When integrating, REBOUND needs to somehow detect if the user wants to integrate forward or backward. As a first hint, it uses the sign of the timestep. So ideally, one should also switch the sign of the timestep when switching directions. If that doesn't happen (like in the original unit test), REBOUND eventually figures it out and changes the integration direction. But the first timestep after the switch will be very large. Usually, that's not a problem because the large timestep will just be rejected in an adaptive scheme. But it matters in this case because we're interested in such high precision and the predictor corrector loop will retain some memory of the too large timestep (because it's trying to predict values for the smaller timestep). There are two solutions: a) simply changing the sign of the timestep when integrating backwards, thus telling REBOUND explicitly which direction we want to integrate. b) somehow fixing the logic that determines automatically the direction in which REBOUND integrates. That sounds easy, but it really tricky because 1) The timestep can be fixed or adaptive. 2) REBOUND needs to reduce the final timestep so that the final time matches exactly the requested time (if exact_finish_time=1). 3) The final timestep might not actually be final because the step might get rejected. Then it needs to reduce the timestep once again. So what used to be one final step, might be many final steps. 4) After the final timestep(s) are done, it needs to reset the timestep to the previous value so that a simulation can continue with the normal, not reduced timestep. 5) REBOUND runs into floating point issues when the time variable is large compared to the timestep. That easily happens if one integrates for billions of timesteps. There is all kind of extra logic to prevent things from blowing up in that case. 6) All of this needs to be implemented so that it works when integrating backward or forward. Again sound easy because all that changes is a sign, but every < and > statement needs to be able to handle this.

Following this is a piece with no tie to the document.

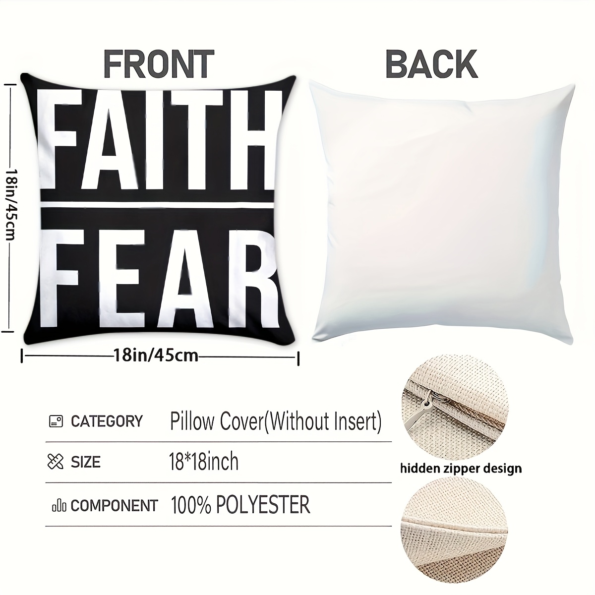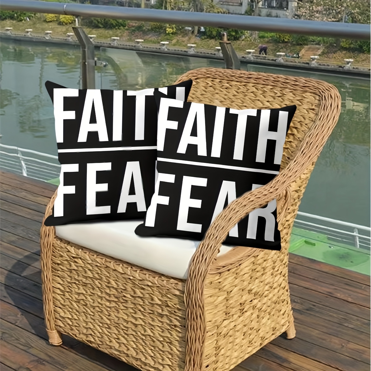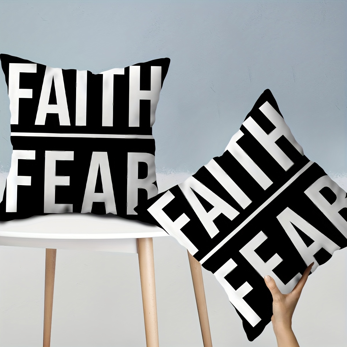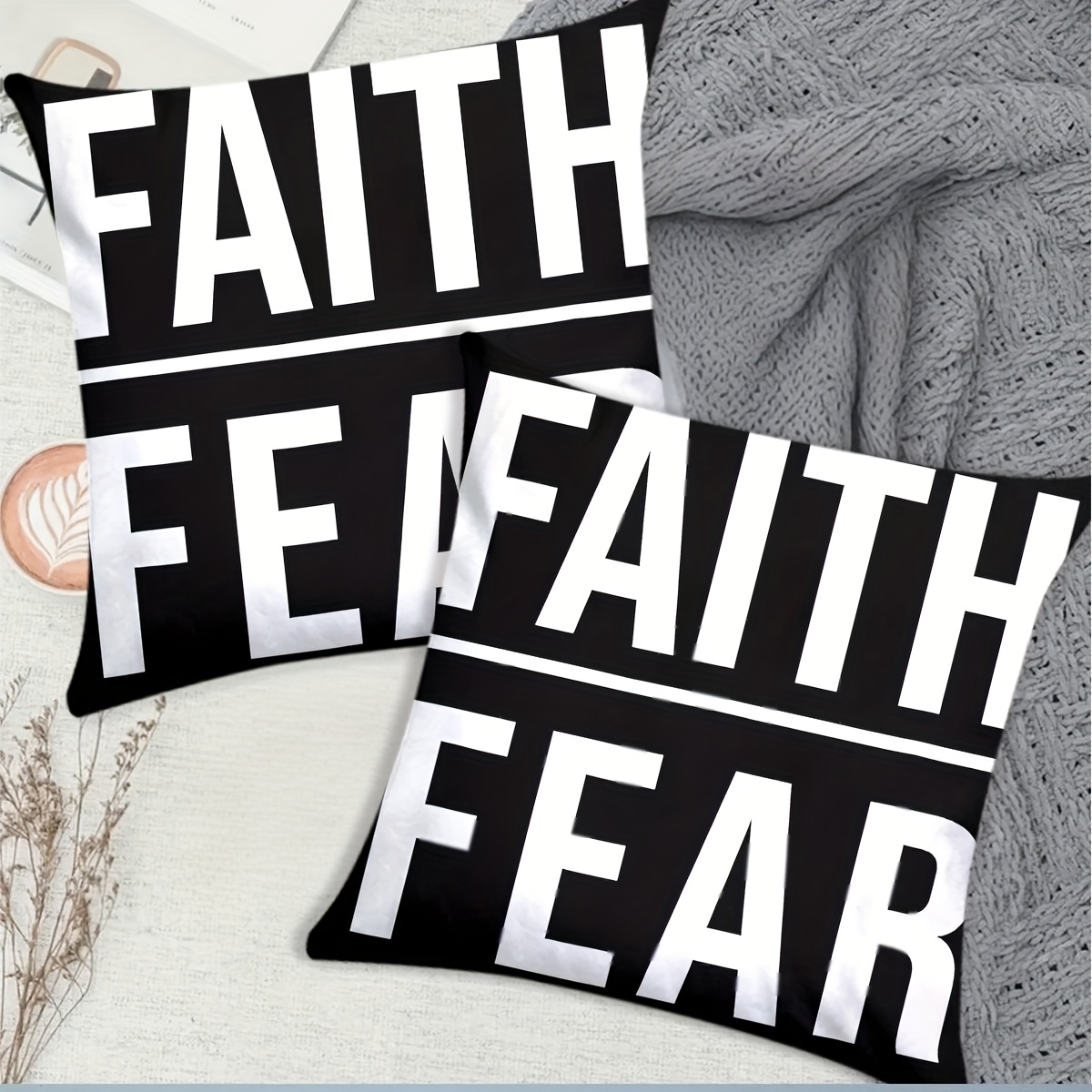 2pcs Faith Over Fear Christian Throw Pillow Covers - Faith-Based Bible Verse Hom

I'll try to improve the current way this is implemented in REBOUND. But it's hard to foresee all the possible consequences. In the meantime solution a) significantly reduces the number of spikes we see in this test. It's not quite as good as using a fixed timestep, which I think makes sense. We'd expect a larger error when adaptive timesteps are turned on because the particle sees the planets at slightly different times on the way back, leading to slightly different errors than on the way out.

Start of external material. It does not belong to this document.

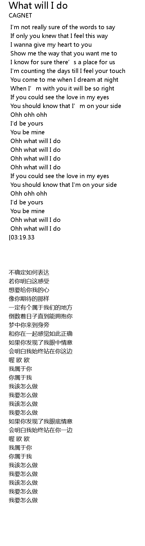 | [03:30.62][03:19.33][03:09.04] | Ohh what will I do |

FWIW, similar to the argument before, @matthewholman you did not encounter this issue because you didn't change the direction of integration, you started a new integration when using assist_integrate the second time.

tldr; this is a complex test! It's good to find these kind of issues, but I also don't think any of this matters in 99% of applications where one just integrates in one direction.

dmhernan commented 1 year ago

@hannorein When you reverse the timestep sign, is the magnitude of spikes still ~4 orders magnitude?

As to how common these spikes are, and how problematic they are in the forward direction, I assume their rate of occurrence has a scaling with the timestep.

hannorein commented 1 year ago

@dmhernan This first plot shows what reversing the timestep sign does (old = not reversing timestep sign, new: reversing timestep sign)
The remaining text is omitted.